Work task: Although the data below contains pictures, output only the lines between those holding "T6(K0=12.62×10" and "2.接着在设置功能中,打开其中的【朋友权限】", inclusive, exactly and without those pictures.

Records to use:

---

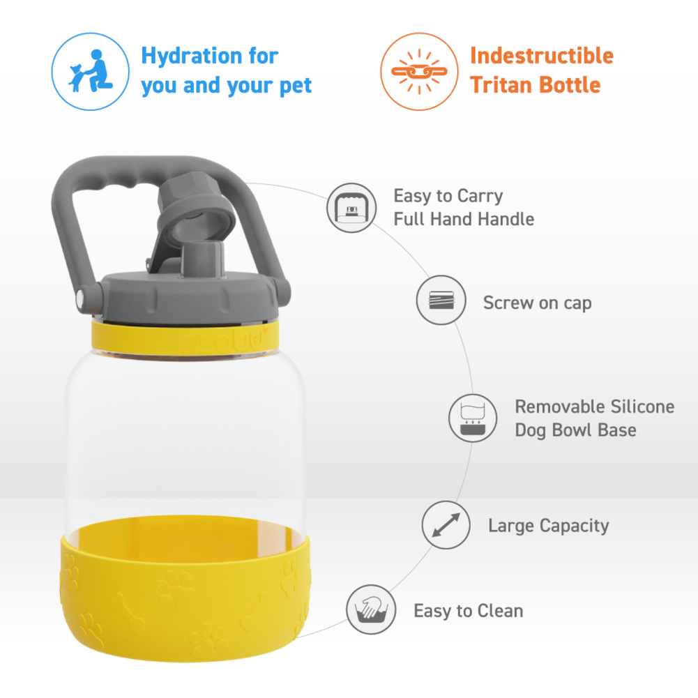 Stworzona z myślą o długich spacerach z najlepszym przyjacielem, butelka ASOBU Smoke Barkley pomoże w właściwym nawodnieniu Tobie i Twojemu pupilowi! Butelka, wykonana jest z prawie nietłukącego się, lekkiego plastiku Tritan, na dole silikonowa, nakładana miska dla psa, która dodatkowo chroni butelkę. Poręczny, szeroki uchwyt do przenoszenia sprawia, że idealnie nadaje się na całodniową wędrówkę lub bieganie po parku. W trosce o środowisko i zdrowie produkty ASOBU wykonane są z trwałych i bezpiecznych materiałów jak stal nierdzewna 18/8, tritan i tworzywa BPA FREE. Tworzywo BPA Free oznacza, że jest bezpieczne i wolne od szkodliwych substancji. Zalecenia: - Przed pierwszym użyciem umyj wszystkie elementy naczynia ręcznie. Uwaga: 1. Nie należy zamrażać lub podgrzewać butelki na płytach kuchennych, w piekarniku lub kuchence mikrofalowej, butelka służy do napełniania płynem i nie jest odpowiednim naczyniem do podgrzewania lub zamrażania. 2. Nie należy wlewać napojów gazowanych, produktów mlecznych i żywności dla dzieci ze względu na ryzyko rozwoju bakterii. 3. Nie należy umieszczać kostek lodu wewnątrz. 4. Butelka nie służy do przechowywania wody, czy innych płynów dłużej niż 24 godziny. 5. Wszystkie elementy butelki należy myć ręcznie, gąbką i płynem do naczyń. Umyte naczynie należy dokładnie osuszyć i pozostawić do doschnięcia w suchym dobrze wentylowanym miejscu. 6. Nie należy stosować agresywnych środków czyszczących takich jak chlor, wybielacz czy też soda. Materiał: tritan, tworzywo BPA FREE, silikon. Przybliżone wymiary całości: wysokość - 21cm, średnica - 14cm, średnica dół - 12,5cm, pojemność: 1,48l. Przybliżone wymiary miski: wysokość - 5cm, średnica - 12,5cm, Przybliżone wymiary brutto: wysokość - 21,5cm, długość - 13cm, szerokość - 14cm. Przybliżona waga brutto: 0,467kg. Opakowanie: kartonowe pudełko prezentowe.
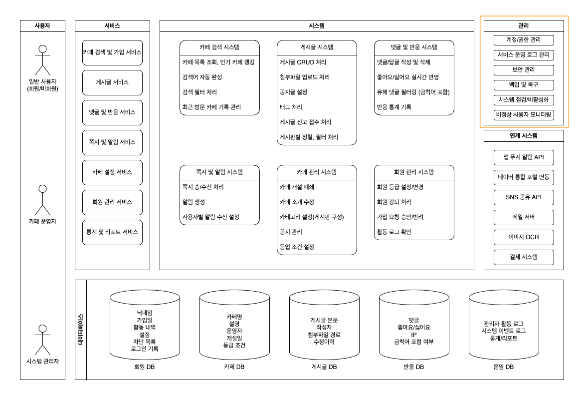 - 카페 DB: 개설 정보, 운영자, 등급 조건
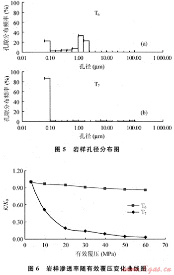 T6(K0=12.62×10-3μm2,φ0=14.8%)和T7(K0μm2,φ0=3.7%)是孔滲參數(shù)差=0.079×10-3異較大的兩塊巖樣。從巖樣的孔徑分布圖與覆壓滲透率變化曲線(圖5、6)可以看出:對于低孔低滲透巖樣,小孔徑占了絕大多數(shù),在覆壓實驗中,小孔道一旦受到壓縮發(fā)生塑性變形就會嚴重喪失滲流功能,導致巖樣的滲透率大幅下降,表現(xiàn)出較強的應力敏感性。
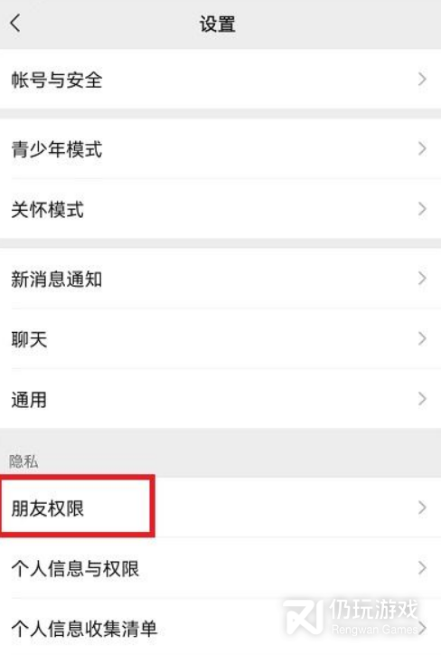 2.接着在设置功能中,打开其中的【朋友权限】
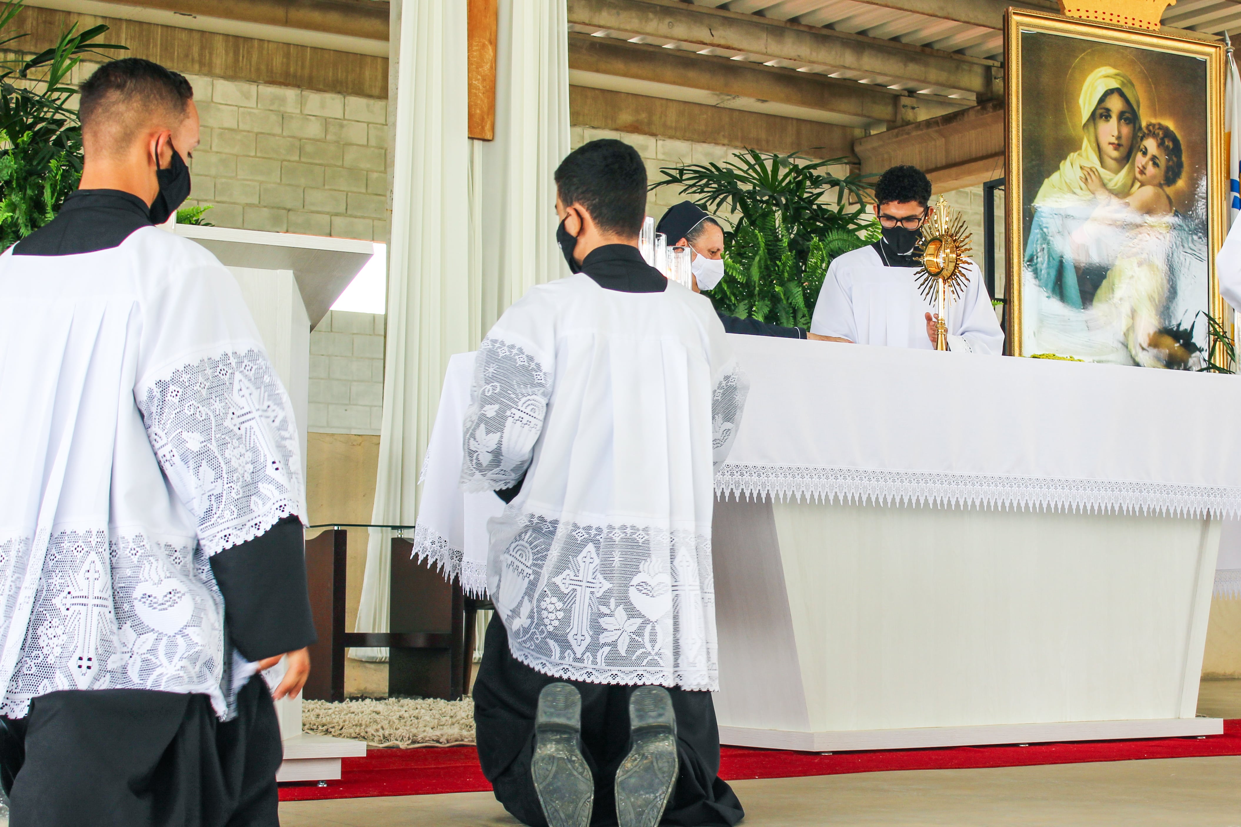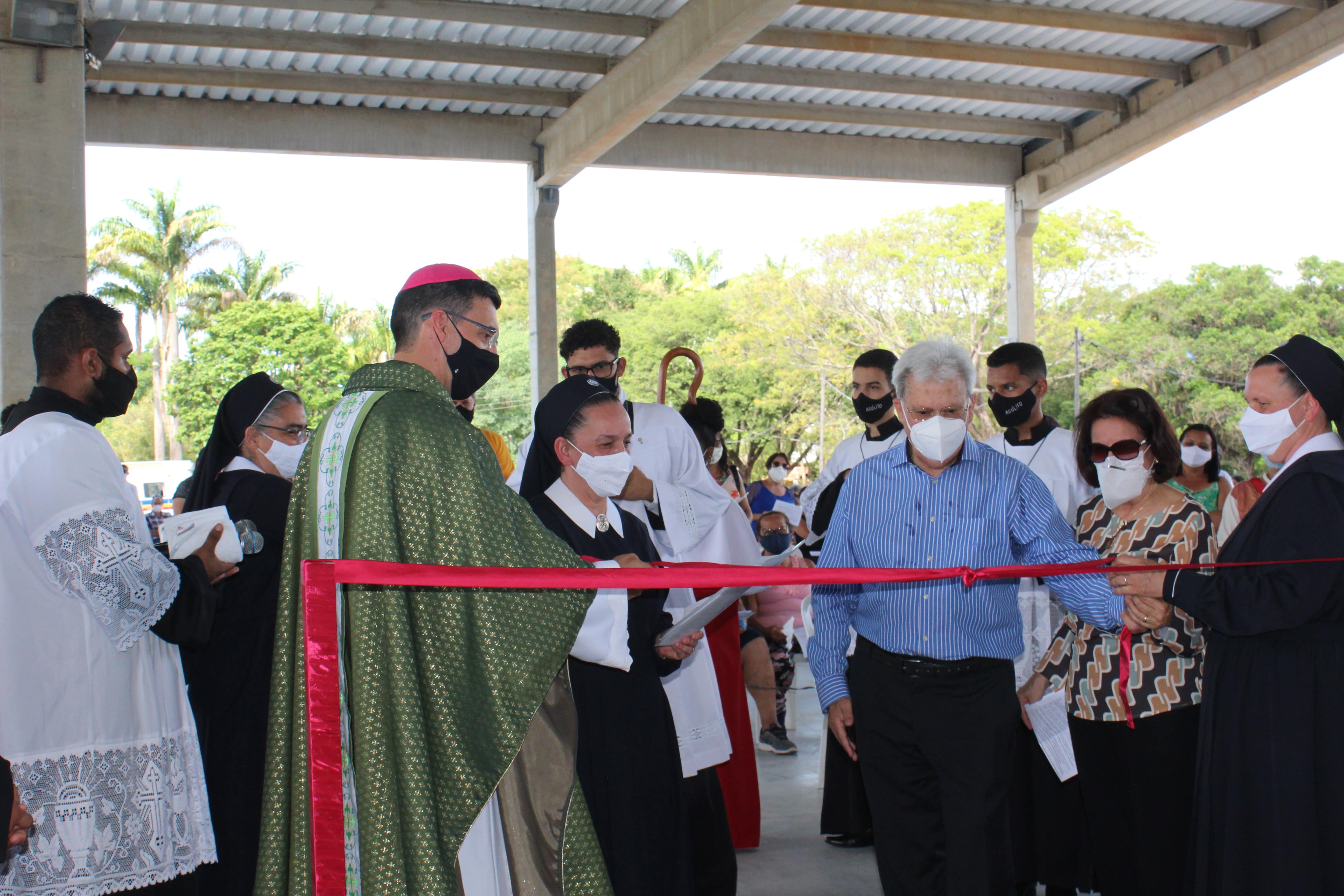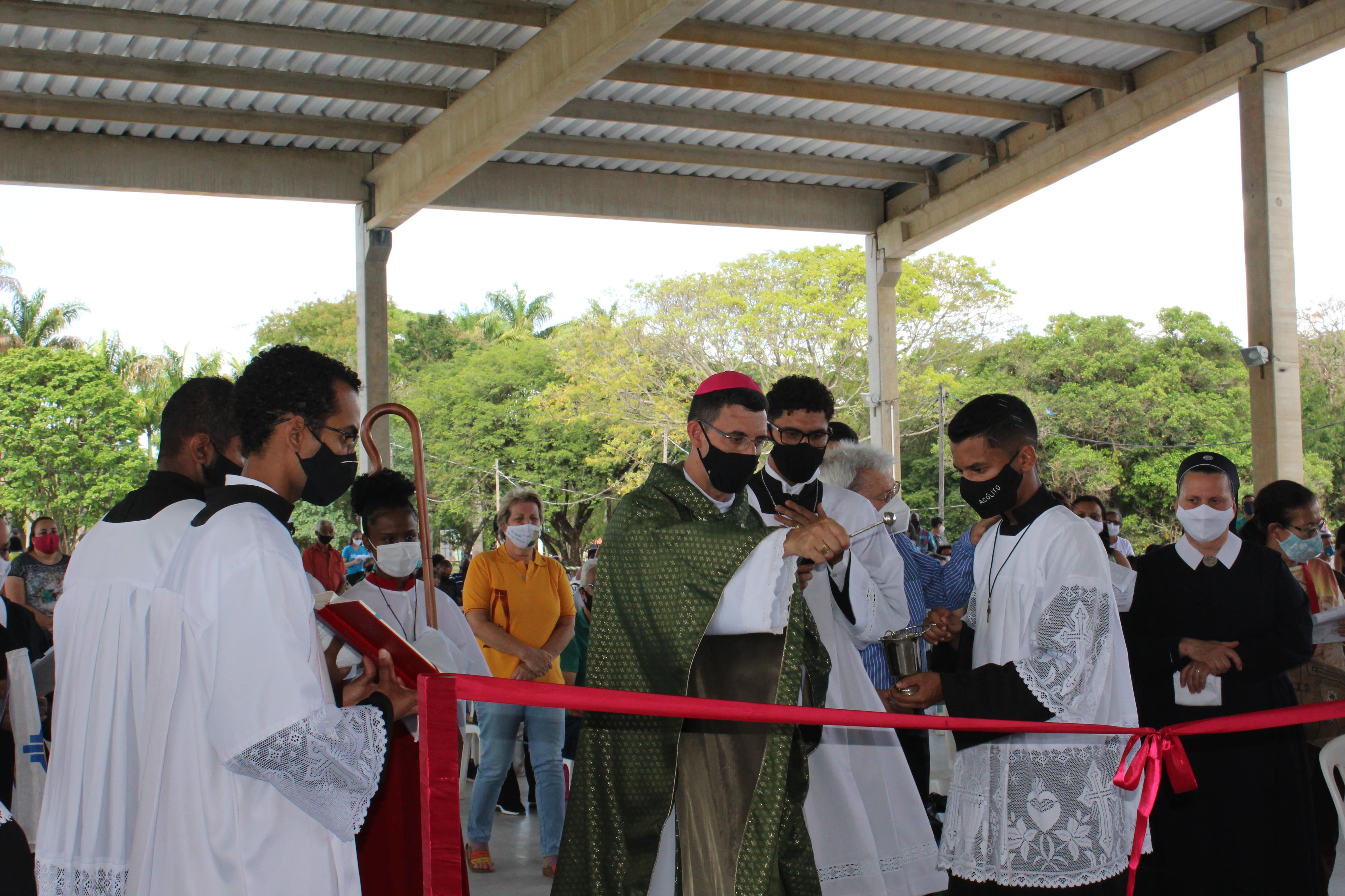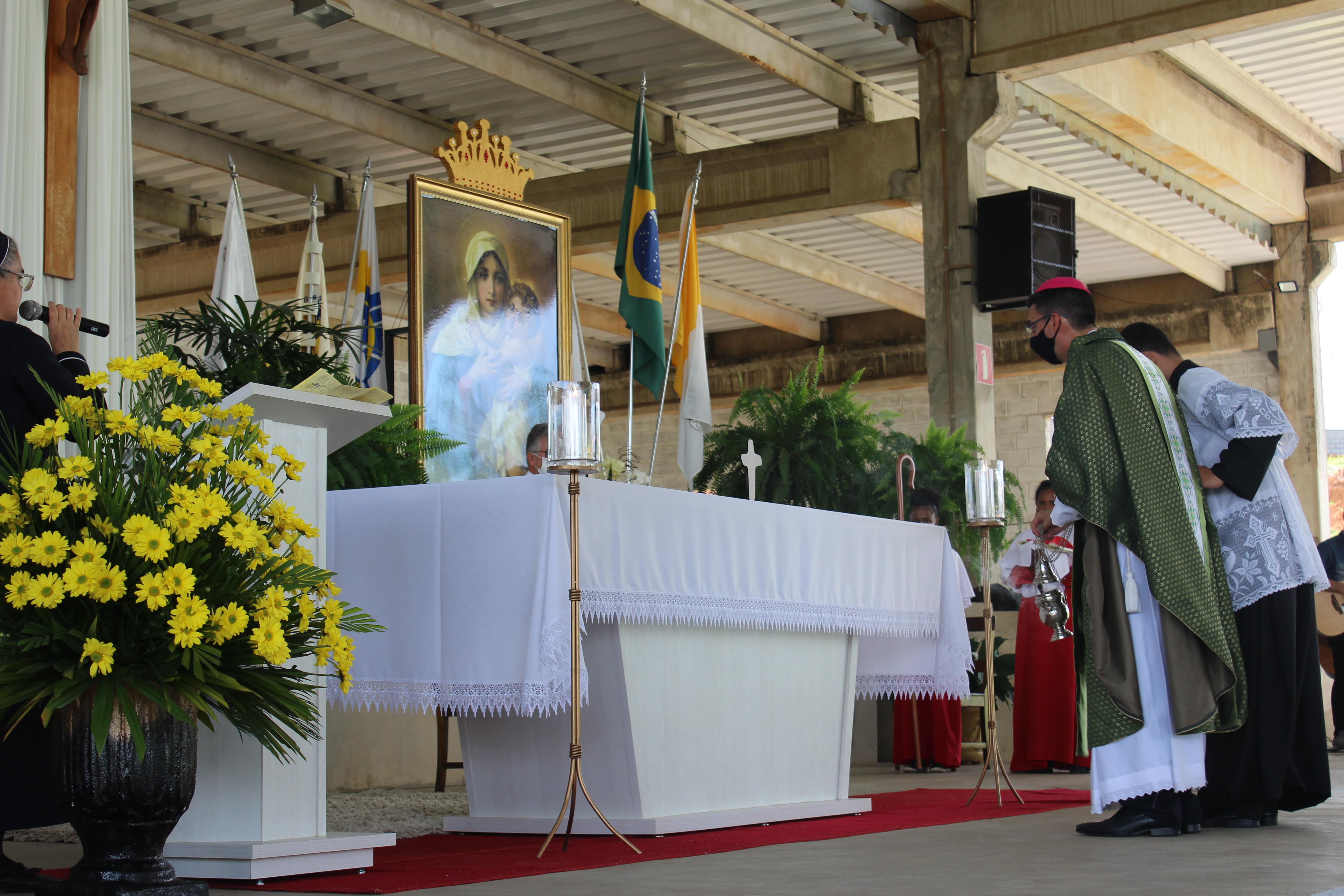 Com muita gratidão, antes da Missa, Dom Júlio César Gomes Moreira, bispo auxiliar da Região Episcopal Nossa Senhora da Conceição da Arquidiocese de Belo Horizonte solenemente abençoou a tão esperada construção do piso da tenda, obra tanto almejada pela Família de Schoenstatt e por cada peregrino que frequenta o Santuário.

---

Solution to this task:
 T6(K0=12.62×10-3μm2,φ0=14.8%)和T7(K0μm2,φ0=3.7%)是孔滲參數(shù)差=0.079×10-3異較大的兩塊巖樣。從巖樣的孔徑分布圖與覆壓滲透率變化曲線(圖5、6)可以看出:對于低孔低滲透巖樣,小孔徑占了絕大多數(shù),在覆壓實驗中,小孔道一旦受到壓縮發(fā)生塑性變形就會嚴重喪失滲流功能,導致巖樣的滲透率大幅下降,表現(xiàn)出較強的應力敏感性。
 2.接着在设置功能中,打开其中的【朋友权限】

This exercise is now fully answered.